### Exercise prompt
Nothing in the data below may be left out; return all of it exactly.
......
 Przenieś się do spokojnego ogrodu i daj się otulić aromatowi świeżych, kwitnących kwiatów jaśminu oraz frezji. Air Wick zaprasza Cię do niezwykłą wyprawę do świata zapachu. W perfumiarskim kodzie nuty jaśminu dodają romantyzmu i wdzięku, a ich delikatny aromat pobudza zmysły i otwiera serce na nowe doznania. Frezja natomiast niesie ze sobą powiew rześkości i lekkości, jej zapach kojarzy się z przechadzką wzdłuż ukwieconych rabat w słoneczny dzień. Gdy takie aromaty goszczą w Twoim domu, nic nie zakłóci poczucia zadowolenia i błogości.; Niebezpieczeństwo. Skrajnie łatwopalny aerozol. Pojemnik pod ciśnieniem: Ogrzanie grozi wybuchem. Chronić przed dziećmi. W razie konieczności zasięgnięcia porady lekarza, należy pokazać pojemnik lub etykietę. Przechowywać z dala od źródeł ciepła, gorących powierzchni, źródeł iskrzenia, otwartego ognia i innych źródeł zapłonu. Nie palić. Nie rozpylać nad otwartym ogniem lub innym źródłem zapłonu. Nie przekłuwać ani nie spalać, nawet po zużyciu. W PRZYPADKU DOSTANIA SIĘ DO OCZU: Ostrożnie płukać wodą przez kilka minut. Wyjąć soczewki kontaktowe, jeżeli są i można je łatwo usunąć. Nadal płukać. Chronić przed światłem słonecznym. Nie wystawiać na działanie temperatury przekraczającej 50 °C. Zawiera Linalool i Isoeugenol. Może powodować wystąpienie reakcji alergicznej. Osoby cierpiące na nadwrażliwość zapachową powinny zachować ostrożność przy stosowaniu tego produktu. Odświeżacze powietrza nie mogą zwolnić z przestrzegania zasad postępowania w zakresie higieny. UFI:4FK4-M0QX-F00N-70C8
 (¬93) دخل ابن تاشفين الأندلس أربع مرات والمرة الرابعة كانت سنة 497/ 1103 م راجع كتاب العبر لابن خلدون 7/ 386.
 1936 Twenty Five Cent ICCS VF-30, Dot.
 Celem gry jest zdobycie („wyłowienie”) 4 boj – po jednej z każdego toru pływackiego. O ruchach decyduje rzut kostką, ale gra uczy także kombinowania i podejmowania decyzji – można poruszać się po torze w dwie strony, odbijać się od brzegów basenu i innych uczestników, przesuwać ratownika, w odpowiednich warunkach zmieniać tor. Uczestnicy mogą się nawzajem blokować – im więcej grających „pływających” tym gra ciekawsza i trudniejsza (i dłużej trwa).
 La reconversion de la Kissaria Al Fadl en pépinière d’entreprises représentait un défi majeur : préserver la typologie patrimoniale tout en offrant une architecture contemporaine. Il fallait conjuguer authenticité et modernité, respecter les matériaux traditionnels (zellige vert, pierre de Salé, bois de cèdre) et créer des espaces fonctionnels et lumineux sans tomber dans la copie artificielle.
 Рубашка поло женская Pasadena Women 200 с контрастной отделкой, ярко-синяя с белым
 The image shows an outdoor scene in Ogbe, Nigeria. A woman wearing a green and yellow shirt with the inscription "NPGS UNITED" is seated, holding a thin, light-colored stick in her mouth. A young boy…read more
......
### Result of the task
 Przenieś się do spokojnego ogrodu i daj się otulić aromatowi świeżych, kwitnących kwiatów jaśminu oraz frezji. Air Wick zaprasza Cię do niezwykłą wyprawę do świata zapachu. W perfumiarskim kodzie nuty jaśminu dodają romantyzmu i wdzięku, a ich delikatny aromat pobudza zmysły i otwiera serce na nowe doznania. Frezja natomiast niesie ze sobą powiew rześkości i lekkości, jej zapach kojarzy się z przechadzką wzdłuż ukwieconych rabat w słoneczny dzień. Gdy takie aromaty goszczą w Twoim domu, nic nie zakłóci poczucia zadowolenia i błogości.; Niebezpieczeństwo. Skrajnie łatwopalny aerozol. Pojemnik pod ciśnieniem: Ogrzanie grozi wybuchem. Chronić przed dziećmi. W razie konieczności zasięgnięcia porady lekarza, należy pokazać pojemnik lub etykietę. Przechowywać z dala od źródeł ciepła, gorących powierzchni, źródeł iskrzenia, otwartego ognia i innych źródeł zapłonu. Nie palić. Nie rozpylać nad otwartym ogniem lub innym źródłem zapłonu. Nie przekłuwać ani nie spalać, nawet po zużyciu. W PRZYPADKU DOSTANIA SIĘ DO OCZU: Ostrożnie płukać wodą przez kilka minut. Wyjąć soczewki kontaktowe, jeżeli są i można je łatwo usunąć. Nadal płukać. Chronić przed światłem słonecznym. Nie wystawiać na działanie temperatury przekraczającej 50 °C. Zawiera Linalool i Isoeugenol. Może powodować wystąpienie reakcji alergicznej. Osoby cierpiące na nadwrażliwość zapachową powinny zachować ostrożność przy stosowaniu tego produktu. Odświeżacze powietrza nie mogą zwolnić z przestrzegania zasad postępowania w zakresie higieny. UFI:4FK4-M0QX-F00N-70C8
 (¬93) دخل ابن تاشفين الأندلس أربع مرات والمرة الرابعة كانت سنة 497/ 1103 م راجع كتاب العبر لابن خلدون 7/ 386.
 1936 Twenty Five Cent ICCS VF-30, Dot.
 Celem gry jest zdobycie („wyłowienie”) 4 boj – po jednej z każdego toru pływackiego. O ruchach decyduje rzut kostką, ale gra uczy także kombinowania i podejmowania decyzji – można poruszać się po torze w dwie strony, odbijać się od brzegów basenu i innych uczestników, przesuwać ratownika, w odpowiednich warunkach zmieniać tor. Uczestnicy mogą się nawzajem blokować – im więcej grających „pływających” tym gra ciekawsza i trudniejsza (i dłużej trwa).
 La reconversion de la Kissaria Al Fadl en pépinière d’entreprises représentait un défi majeur : préserver la typologie patrimoniale tout en offrant une architecture contemporaine. Il fallait conjuguer authenticité et modernité, respecter les matériaux traditionnels (zellige vert, pierre de Salé, bois de cèdre) et créer des espaces fonctionnels et lumineux sans tomber dans la copie artificielle.
 Рубашка поло женская Pasadena Women 200 с контрастной отделкой, ярко-синяя с белым
 The image shows an outdoor scene in Ogbe, Nigeria. A woman wearing a green and yellow shirt with the inscription "NPGS UNITED" is seated, holding a thin, light-colored stick in her mouth. A young boy…read more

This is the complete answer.